A master at fostering understanding.
Ronny Scherer is Professor of Educational Assessment and Measurement and Director of the Centre for Educational Measurement (CEMO) at the University of Oslo's Faculty of Educational Sciences, a position he assumed in 2025. He concurrently serves as Co-Director of the Centre for Research on Equality in Education (CREATE) since 2023. His career trajectory at the University of Oslo encompasses prior appointments as Professor of Educational Assessment and Data Analysis at the Institute for Educational Research (ILS) from 2018 to 2019, Senior Researcher at CEMO in 2018, and Postdoctoral Researcher at CEMO from 2014 to 2018. Earlier, he held a Postdoctoral Researcher position at Durham University in the UK and Humboldt-Universität zu Berlin in Germany in 2013, following his doctoral studies in Chemistry Education at Humboldt-Universität zu Berlin from 2008 to 2012.
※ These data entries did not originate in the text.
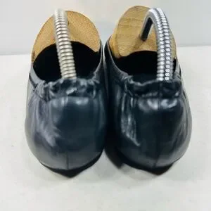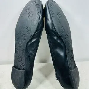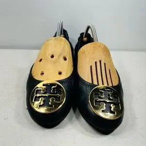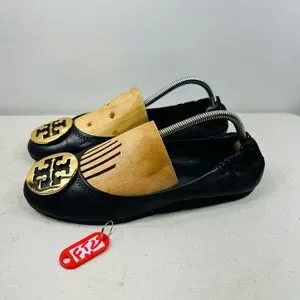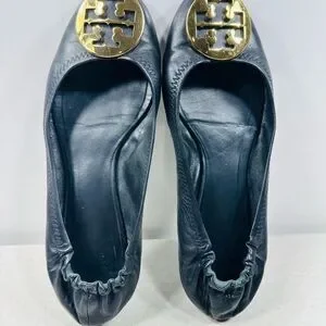 TORY BURCH BLACK LEATHER GOLD REVA BALLET FLATS SZ 9
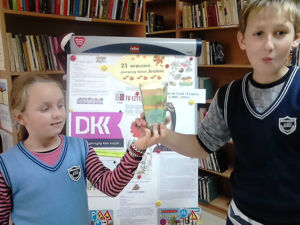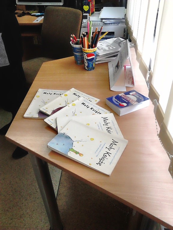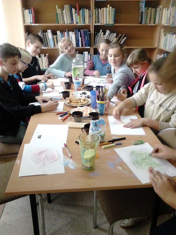 W bieżącym roku szkolnym uczniowie klasy V kontynuują spotkania z panią bibliotekarką Renatą Szydlik w ramach Dyskusyjnego Klubu Książki działającego w Domu Kultury. Tym razem spotkanie dotyczyło poznanego przez uczniów utworu francuskiego pisarza Antoina de Saint- Exupery pt. ,,Mały Książę”. Piątoklasiści przez ponad miesiąc uważnie słuchali czytanych głośno przez polonistkę przygód ,,książątka”, więc na spotkaniu mogli wyrazić swoją opinię o lekturze. Podczas zajęć przygotowanych przez panią Szydlik uczniowie poznali biografię autora, odpowiadali na pytania do tekstu, rozważali znaczenie przyjaźni w życiu człowieka. Emocji dostarczył im także konkurs plastyczny na portret Małego Księcia. Jego laureatami zostali Zofia Banasiak i Adrian Siuta, którzy w nagrodę otrzymali drobne upominki i słodycze. Zdolnościami manualnymi i nieograniczoną wyobraźnią mogli wykazać się też uczniowie w trakcie tworzenia kompozycji z soli barwionej kolorowymi kredami. Spotkanie przebiegało w miłej i zabawnej atmosferze, o co zawsze dba pani Renata goszcząc nas aromatyczną herbatką i pysznymi ciasteczkami. Z Małym Księciem spotkamy się jeszcze raz, ale już w Teatrze Roma w Warszawie.
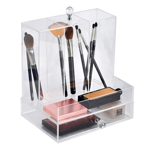 Hem fırçalarınız hem de makyaj malzemeleriniz için kullanabileceğiniz bu organizer, iki gözlü, üstü kapaklı ve altı çekmecelidir. Çok kullanışlı ve çok yönlüdür.
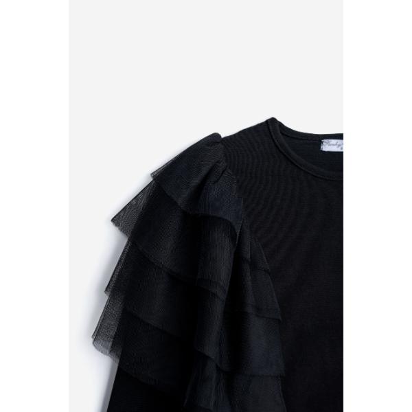 Μπλούζα μακό μακρυμάνικη για κορίτσι από 6 ως 16 ετών, σε χρώμα μαύρο, λεπτομέρειες με τούλι.
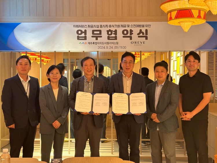 [뉴스서울] (재)제주특별자치도사회서비스원(원장 문원일)과 오래브 핫스프링 앤 스파(전무이사 이덕범)는 24일 도내 사회복지 및 돌봄 서비스를 제공하는 사회서비스 종사자들의 심리적 안정과 행복 증진을 위한 업무협약을 체결했다고 밝혔다.
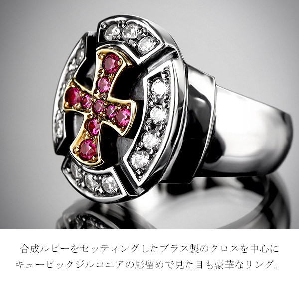 合成ルビーをセッティングしたブラス製のクロスをリング中心にデザイン。
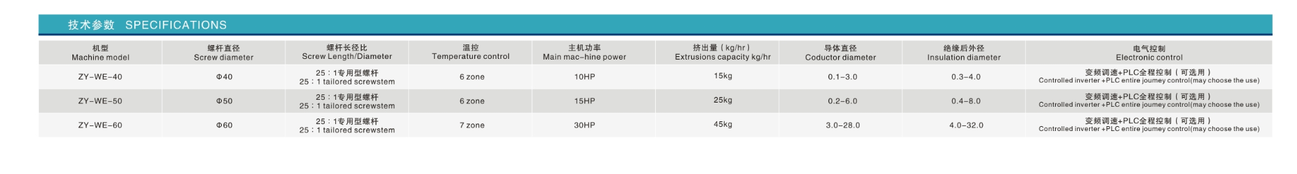 5、適用擠出材質(zhì):FEP(聚全氟乙丙烯F46)、PFA(氧化烷氧基乙烯樹脂)及ETFE(F40)

Scherer's scholarly work emphasizes the interplay of measurement, assessment, and evaluation across research syntheses, complex sampling surveys, and educational equality. Key substantive foci include digital divides, equity and equality in education, and assessing complex cognitive abilities such as complex problem solving, adaptability, computational thinking, and executive functioning. His methodological expertise spans advanced meta-analytic approaches like cumulative, multivariate, multilevel, and spatial meta-analysis; meta-analytic structural equation modeling; machine learning-informed meta-analysis; multilevel structural equation modeling; and spatial analysis of data from international assessments including PISA, ICILS, TIMSS, PIRLS, PIAAC, and TALIS. Among his prolific outputs are highly cited papers such as 'The technology acceptance model (TAM): A meta-analytic structural equation modeling approach to explaining teachers’ adoption of digital technology in education' (2019), 'Profiling teachers' readiness for online teaching and learning in higher education: Who's ready?' (2021), 'Unpacking teachers’ intentions to integrate technology: A meta-analysis' (2019), and recent contributions like 'Unraveling gender disparities in teachers’ technological pedagogical and content knowledge: A large-scale meta-analytic review' (2026) and 'Teacher-Student Relationships and Student Outcomes: A Systematic Second-Order Meta-Analytic Review' (2025), amassing over 17,000 citations on Google Scholar and shaping advancements in educational psychometrics and large-scale assessment.